神様とお祭り再び。1
バシャン・・
水の音がして目を開けると、ステンドグラスだろうか・・綺麗な色が差し込む円形のドームに立っていた。浅いプールみたいな所は水神殿の間と似ている。
「うわぁ・・、また違うんですね」
「ああ」
ここも転移のための場所なのかな?
キョロキョロと周囲を見るけど、特に誰もいない・・。
クロさんは、私の手を繋いだまま浅いプールから出ると、濡れた・・と思っていた足はすっかり乾いてる。不思議。
「ティナは、今日忙しいからな」
「ああ、そうなんですね・・」
そうだよね、ノアルさんも忙しそうだったもんなぁ。
ステンドグラスの綺麗なドームから出ようとすると、クロさんが足を止める。・・・?なんだろう?
手を離すと、小瓶を胸の辺りのポケットから出す。
「あ、それ・・・」
「せっかくだしな」
小さい蓋を器用に外し、クロさんは少し指に油を垂らすと、その指を私の首に擦り付けるように塗る。ひ、ひえぇえええ?????ゆっくりと指が首を上下するたび、ゾクゾクする!!思わず、両手をぎゅっと握ってしまう。

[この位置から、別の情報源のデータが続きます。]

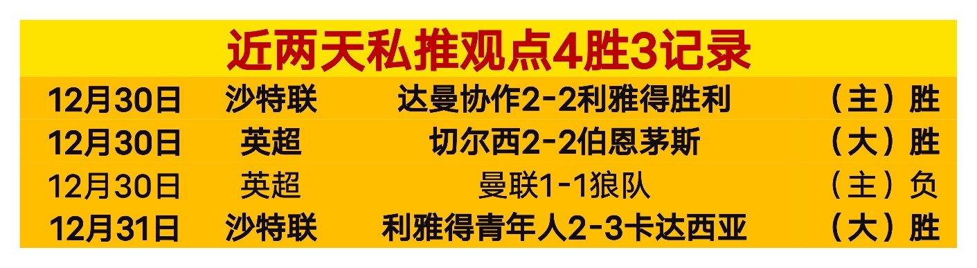 【战绩回顾】近期私推观点表现强势,昨晚沙特联卡达西亚大25继续过关,近两天拿到4场3胜的佳绩,本场焦点英超作为福利回馈粉丝,文末赞赏可获取更精准的临场观点,包周更优惠。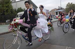 走路上班盡管健康,但也有很大的局限性——住的地方離單位不能很遠,否則難以堅持,對身體的消耗也太大。由此,騎自行車成為了另一種綠色出行方式。 趙先生是一名自行車的忠實愛好者。他告訴記者,從上大學到工作,他一直以自行車為主要交通工具,只要情況允許,他一般不選擇公交、地鐵、出租等交通方式。 而趙先生選擇自行車,并不完全因為方便,其實他本人還是一名環保志愿者!肮澞軠p排的重要意義大家都明白,可是很多人認為這和自己沒什么關系。其實,只要大家能盡量多地使用自行車這樣的綠色交通工具,就是在為環境、為后代做貢獻了!壁w先生說。 事實上,像趙先生這樣懷念自行車的人越來越多,如今,人們對自行車這種傳統交通方式的回歸已催生了一些新的行業。 記者在北京國華商場、牛街路口等地看到,上百輛顏色鮮艷且統一規格的自行車整齊地停在路邊。原來,這里開設了自行車租車點,行人只要辦一張會員IC卡,就可以以每小時五角錢的價格租到自行車,且可以在其他網點異地還車,電子計時扣費,非常方便。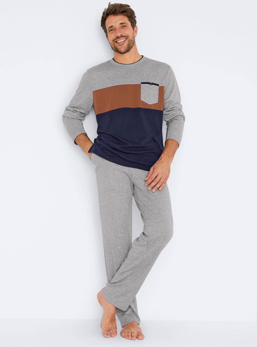Made of 70% recycled polyester, features a chest pocket, elastic waist straight pants with drawstring and two welt pockets. Polyester, Viscose.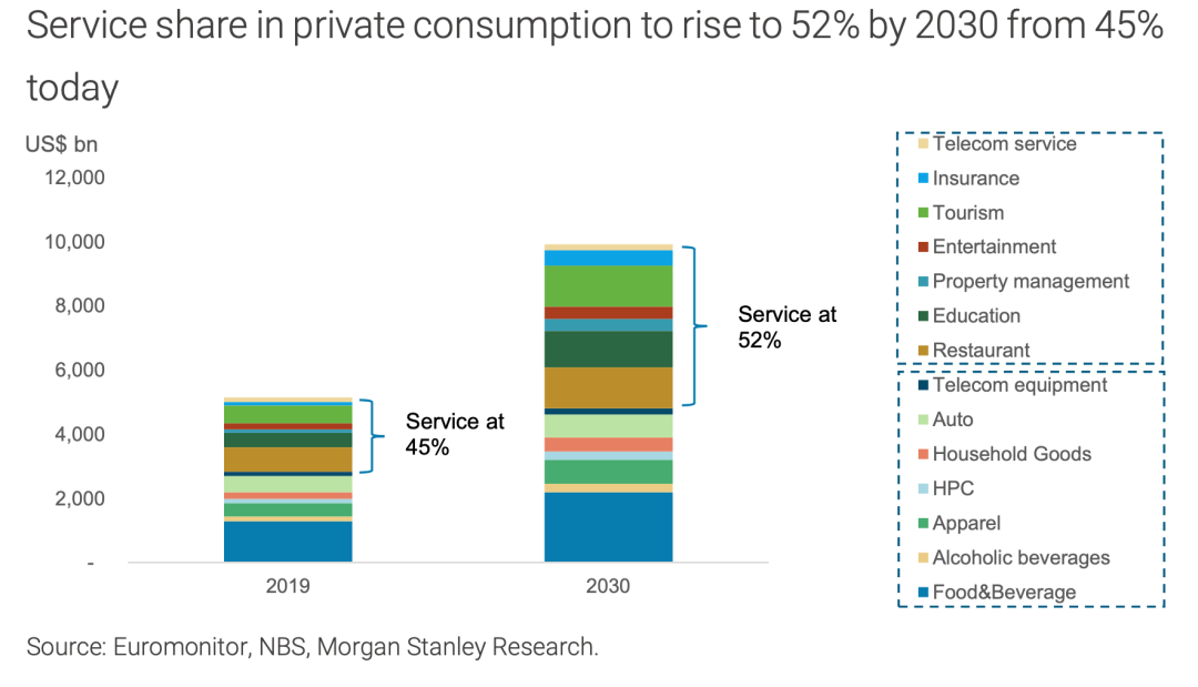 · 到2030年,对GDP的贡献,服务将超过商品(现在是45%,2030预计能达到52%)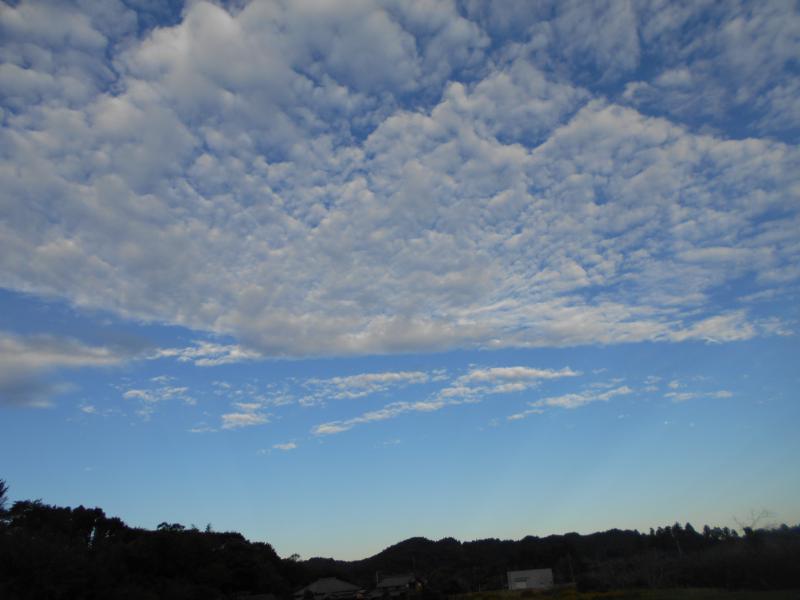 2回目の更新をします。今朝、6時45分に家を出て、地区内の散歩をしました。ちょっと上を見上げました。「やっぱり秋ですね。雲が違ってきました。」雲はあったのですが、晴れ間が見えたので天気は良くなるなと思いました。いろいろな音が聞こえます。鳥の鳴き声・風の音・木々が揺れる音・キジの鳴き声などなど数えきれません。最近、鳥の数が多くなってきました。この空気・この風景を求めて、いすみ市にやってくるのです。「お母さん、何もないって、こんなに贅沢なことはないのよ。」と、宿泊客の皆さんは必ず言ってくれます。最近、ありのままのいすみ市の良さに気づいてきた私です。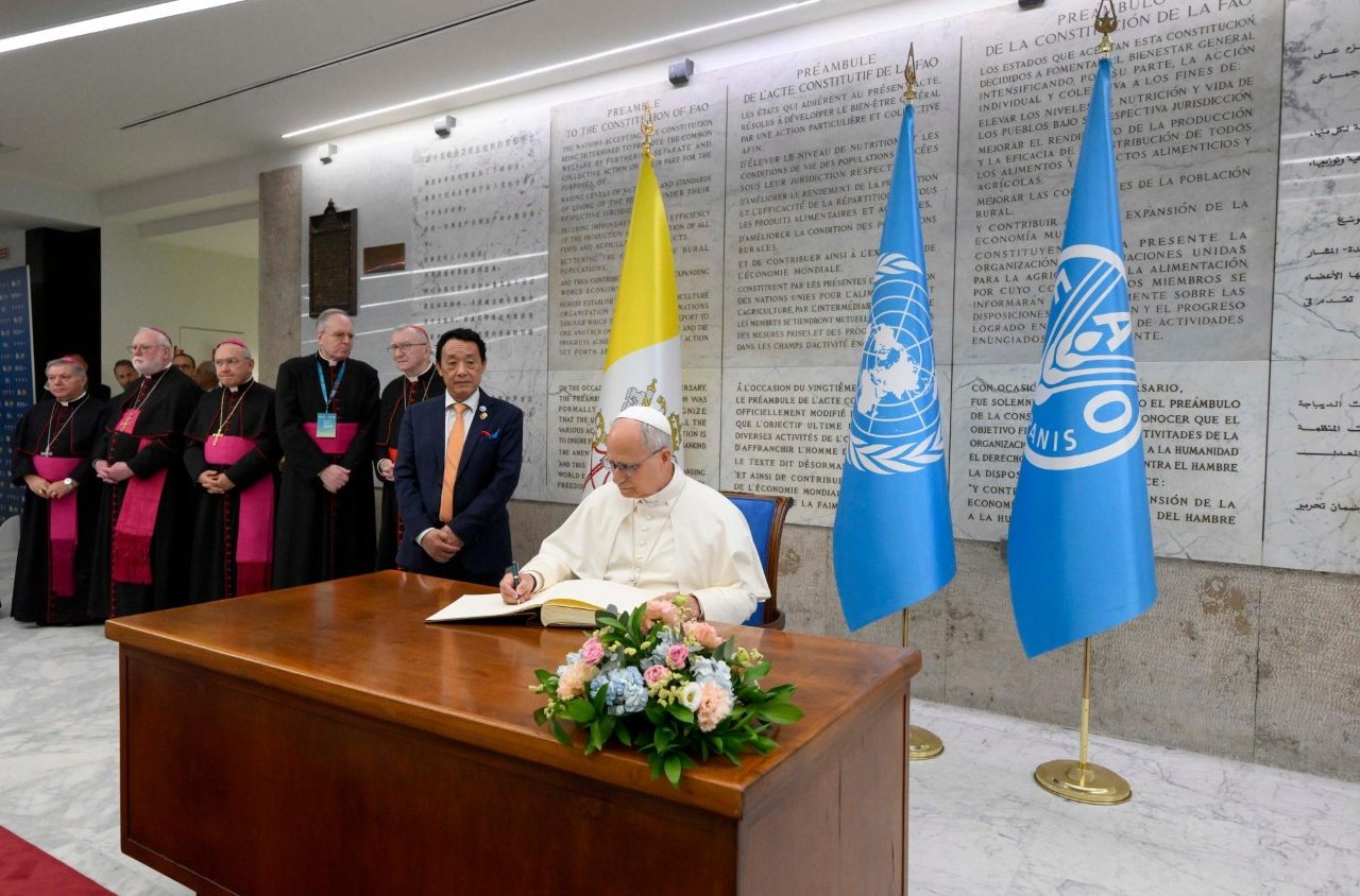 Đức Thánh Cha Lêô XIV đã đến thăm trụ sở của Tổ chức Lương thực và Nông nghiệp Liên Hiệp Quốc (FAO) tại Rôma nhân Ngày Lương thực Thế giới và kỷ niệm 80 năm thành lập tổ chức này. Trong bài diễn văn, ngài tái khẳng định sự gần gũi của Tòa Thánh với cơ quan này và đồng thời kêu gọi một cam kết toàn cầu chung nhằm chấm dứt nạn đói và suy dinh dưỡng.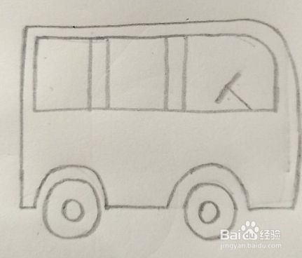 然后大家再在长方形上添加上竖线,作为公交车的车窗户和司机的驾驶座。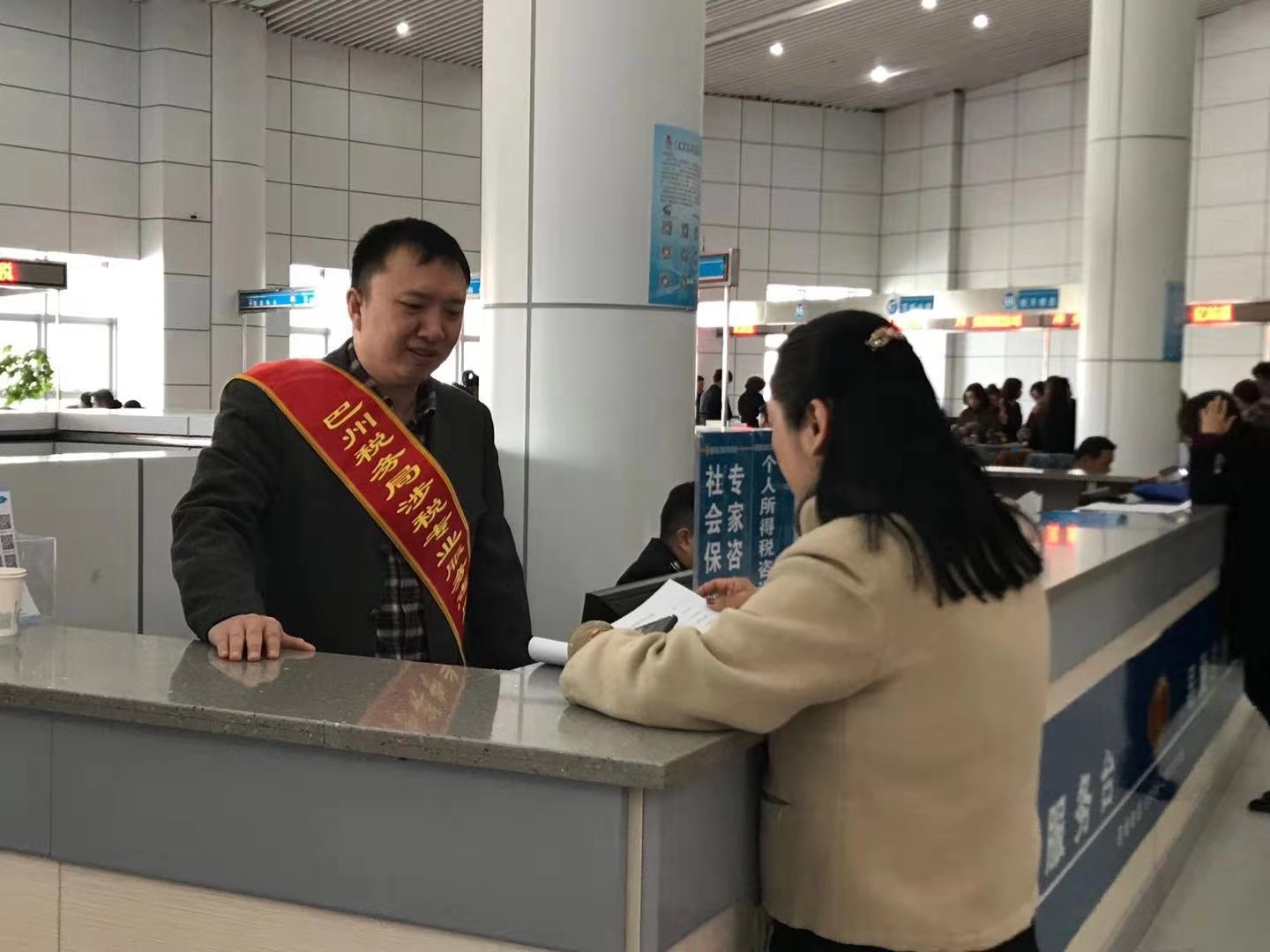 巴州稅務局借力中介機構助力個人所得稅改革和減稅降費政策的落實 為深入貫徹落實黨中央、國務院關于個人所得稅改革和減稅降費決策部署,切實發揮涉稅專業服務機構專業化、杠桿式服務作用,助力國家惠民利民稅收政策效用顯現,讓改革發展成果更好的惠及新疆各族人民,經過巴州稅務局、庫爾勒市稅務局與轄區多家涉稅中介服務機構的積極溝通和聯系,在層層篩選、多方比對后,確定了五家涉稅專業服務機構進駐庫爾勒州市行政服務廳,充分發揮涉稅專業服務專業化、杠桿式服務作用,協助稅務部門對納稅人進行辦稅輔導和現場培訓,及涉稅專業服務志愿接聽、公益宣講、志愿咨詢活動。 3月11日是三月納稅申報期的第二周,恰逢稅務機關金稅三期軟件雙軌運行的測試期,辦稅服務大廳一時人潮涌動,導稅臺里的咨詢輔導人員被納稅人層層擁圍。導稅臺里佩戴著“巴州稅務局涉稅專業服務志愿者”授帶的志愿者尤尼泰巴州稅務師事務所所長盧軍是本次志愿服務的第一位志愿者,此時正在為一位房產公司的會計耐心解答房地產企業的土地出讓金應該如何抵扣增值稅等問題。其他納稅人在聽到盧軍的專業解答后,也都紛紛來到其他導稅志愿者身邊咨詢自己在稅收、會計方面遇到的問題,一時間,導稅臺變成了稅收、會計知識的現場交流培訓會,專業、細致的服務受到稅務機關和納稅人的贊揚!。 從3月開始每個征期,巴州稅務局安排上述五家涉稅中介機構均會輪流在辦稅務廳內進行現場“一對—”“面對面”的輔導培訓,培訓內容涉及稅收政策咨詢、會計賬務處理以及稅收籌劃等方面的業務。 據統計,僅3月11日當天,志愿服務就輔導協助納稅人辦理稅費業務34人次,使廣大納稅人及時掌握個人所得稅新政及新一輪減稅降費政策,有效提高辦稅效率,提升服務質量,緩解了工作人員工作壓力。下一步該局將繼續堅持“服務觀念創新化,服務手段多元化、服務行為人性化”的原則,充分發揮涉稅中介的積極作用,促進巴州稅務局納稅服務水平的進一步提升,使納稅人獲得良好的獲得感和辦稅體驗。

そっと指が離れると・・・、ニヤッと笑ったクロさんは、
「俺の香りつけとけ」
って言うから、真っ赤になりましたよ。
当然ですよね?
言葉にならなくて、口をパクパク開けるだけだった・・・。可笑しそうに笑わないで下さい・・。神様なのに、また殺しにかかっていませんかね・・。
満足そうにクロさんは小瓶をしまうと、また手を繋いで扉を開ける。
外は、まだ昼なので太陽が高く、空の青さがクロさんのいる所とまた違う。ちょっと薄いけど綺麗な青空だ。目の前は広い芝生が一面に広がっていて、その下に街並みが広がっている。
大きな川が流れていて、カラフルな家々がぎっしりと並んでいる。
ランプかな?あちこちにぶら下がっていて、音楽も聴こえる。
クロさんの白っぽい街並みと違って、また可愛い!!
「クロさん、ティナさんの街も綺麗ですね!!」
「・・そうだな」
芝生の先に下に降りる階段らしきものが見えた。
あそこから下へ降りて行くのかな?
後ろを振り向くと、私たちが出てきた円形のドームの建物横に、石で彫刻が入っている神殿が見えた。四角い建物なんだけど、あちこちにレリーフが掘られていて、上半分が金色に塗られている。はあ〜〜豪華!!!目を丸くして見ていると、
「たえちゃ〜ん!!元気だった〜?」
あ、この声は・・振り返るとノアルさんが手を振って、真っ白な服を着て空から降りてきた。は、派手派手だ〜!!!
「ノアルさん!お久しぶりです」
「お久しぶり〜、元気そうで良かった〜。今日もお仕事してからだけど、祭り楽しんでね!」
「ああ、そうかパトロールするんですね」
ティナさんも奥神殿でお祈りするのか・・。
ちらっと、金色の建物を見る。
「もうティナさん、奥神殿に行ったんですか?」
「いやぁ〜、どっかにいるとは思うんだけどね〜、僕も今きたからなぁ〜」
「ノアルさん・・・」
すると、金色の建物から扉が開く音が聞こえて振り返ると、ティナさんがいた!
金色の飾りを頭につけて、真っ白のロングシャツに金色の帯を締め、いつもよりもパリッとした格好をしていて格好いい!!神様って、格好いいのが第一条件なのかな???金色をこれでもかと付けているのに、全然負けてないティナさんすごいな・・。
「クロ、たえ〜、来てくれてありがとう」
「あ?僕は?」
「ノアルもついでにありがとう〜」
「え〜、僕泣いちゃう〜〜」
・・・・このやり取り、いつもやっていそう・・。
クロさんをちらっと見ると、目がすでに座っている・・。うん、これも通常通りそう。ティナさんが、ちょっと気まずそうに私達を見る・・。ん?何かあったの?
「・・・・今日、大神様もこっちに来る事になって・・」
そう言うと、二人して苦い顔をする。
・・・ん?大神様って、祀る神様??生きてるの??来るの??私は不思議そうにクロさんを見上げた。